Saturday, March 8, 2014

Feeling Low

I don't know what has participated this but I am feeling incredibly low right now. I feel like just giving up on everything. Mentally I am having a difficult time I want to run and I remember when I used to run that running was something that I used to be able to accomplish.



Keep in mind that I was never fast and there were times I felt hard but since I have tried to come back to running it only seems that much harder. I realize that I am  a few years older now and a little overweight but really I can't seem to get past the 3 minute mark and it is mentally killing me.


Maybe my mind is running my body? Maybe I am just too overweight to really get my body back into it?

I headed out to try and run this morning with the idea of doing 5:1's. Ha the joke seemed to be one me considering this morning I struggled to even get to a minute. I am in such a funk mentally that I decided to just head back home. It was raining and where I am mentally I knew it was not going to happen.

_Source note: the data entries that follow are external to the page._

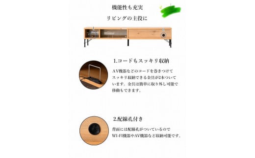 大川家具 テレビ台 幅180cm ローボード テレビボード 大容量収納 コードリール付き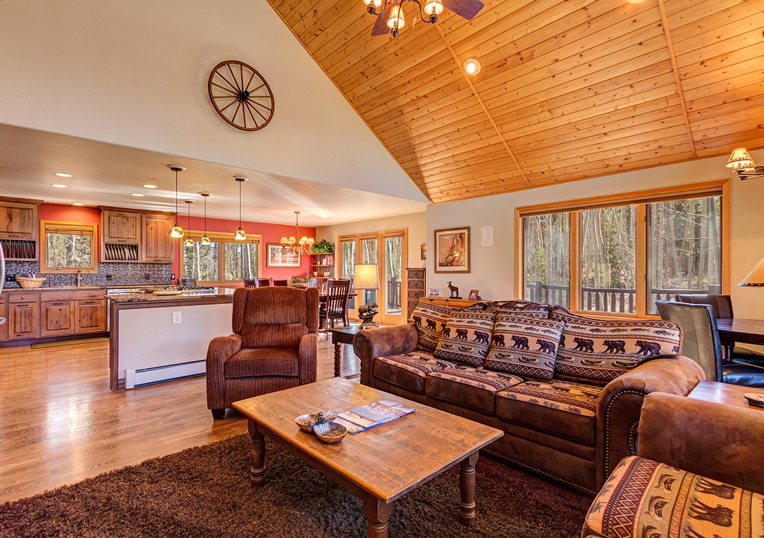 Aspen Lookout offers a classic Breckenridge mountain experience with comfort, space, and natural charm. This beautiful 4-bedroom, 3-bath home features an open-concept living area with a gas fireplace, smart TV, and dining space for ten—perfect for gathering after a day on the slopes. The fully equipped kitchen with granite countertops makes cooking for a crowd effortless, while the covered deck invites guests to relax in the private hot tub and enjoy the surrounding aspen grove, where wildlife often wanders by.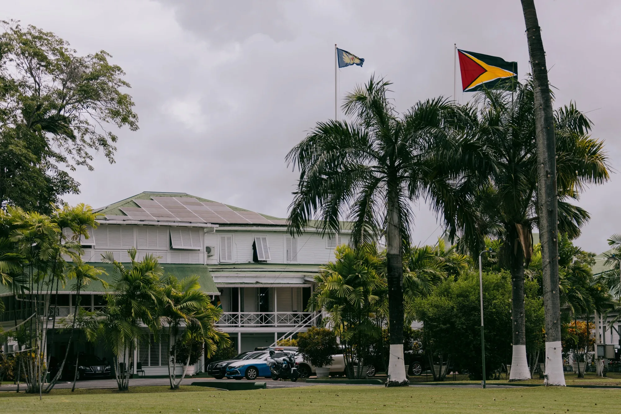 圭亞那喬治敦總統府上空的圭亞那國旗。攝影師:何塞·A·阿爾瓦拉多 Jr./彭博社一位因涉嫌黃金出口逃税而受到美國製裁的圭亞那富商,正式宣佈參選這個石油資源豐富的南美國家的領導人。
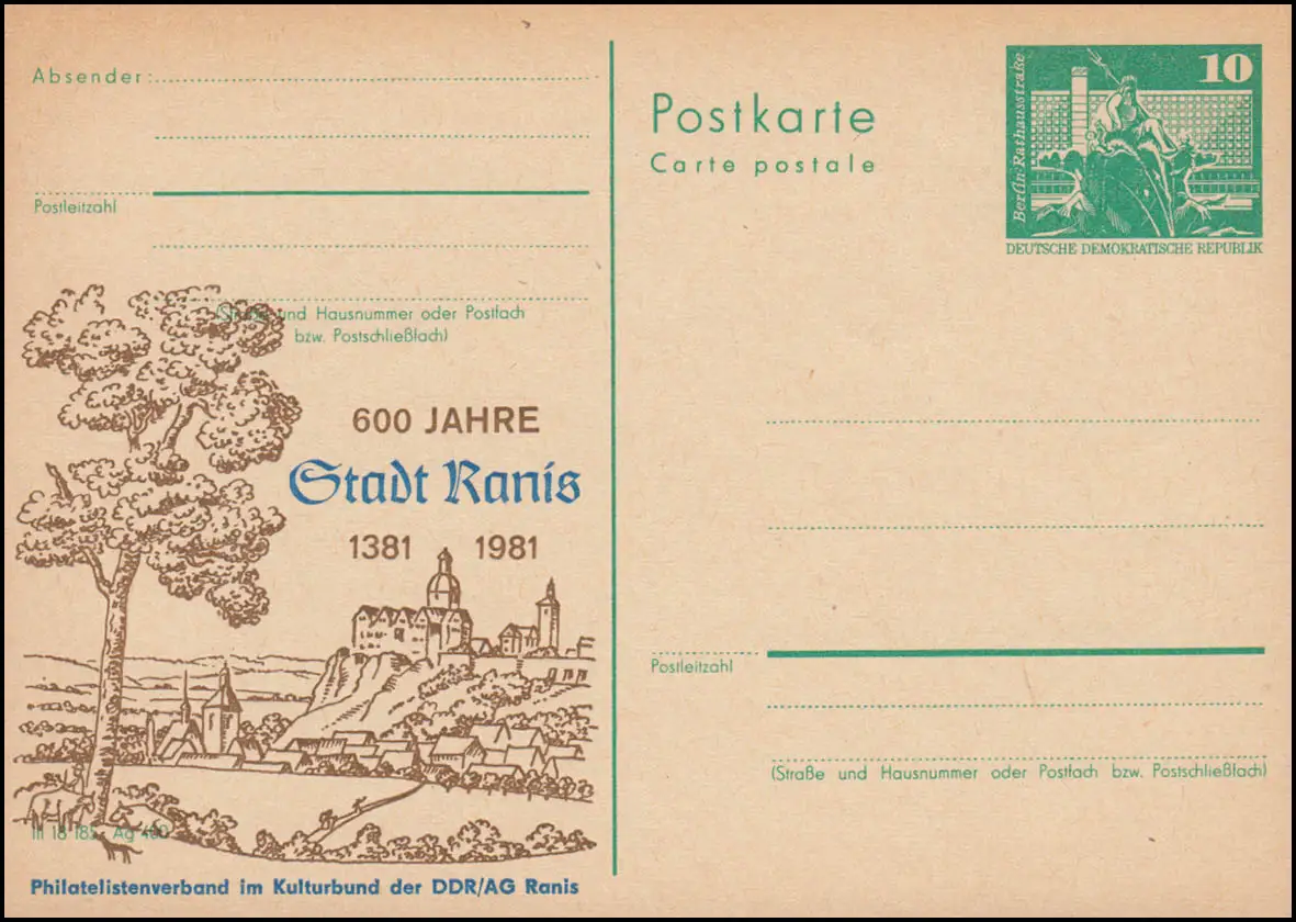 DDR P 79 600 ans Ville de Ranis 1381-1981, **

So head hung low and almost in tears I came home. Today is just not the day but I aim to try again tomorrow and until then work at making my mind less funky. In that I mean get happy I realize that when I am in a good mood and head out the door for a run it feels way easier than when my mind is unhappy.


So I've made up my ind tomorrow I am going to head out to Bear Creek Park and get 5k in even if it kills me. Which I am pretty sure it won't. I guess I just need to get in the right mindset to do 5:1's. I'd be really silly if I didn't think that it won't be hard or not hurt just a bit. But I do remember that every time you go extra you feel better. My body may protest but I refuse to let it control me. i will just keep telling myself "you've done this before you know you can do it, KEEP GOING"

What is your secret to make running easier?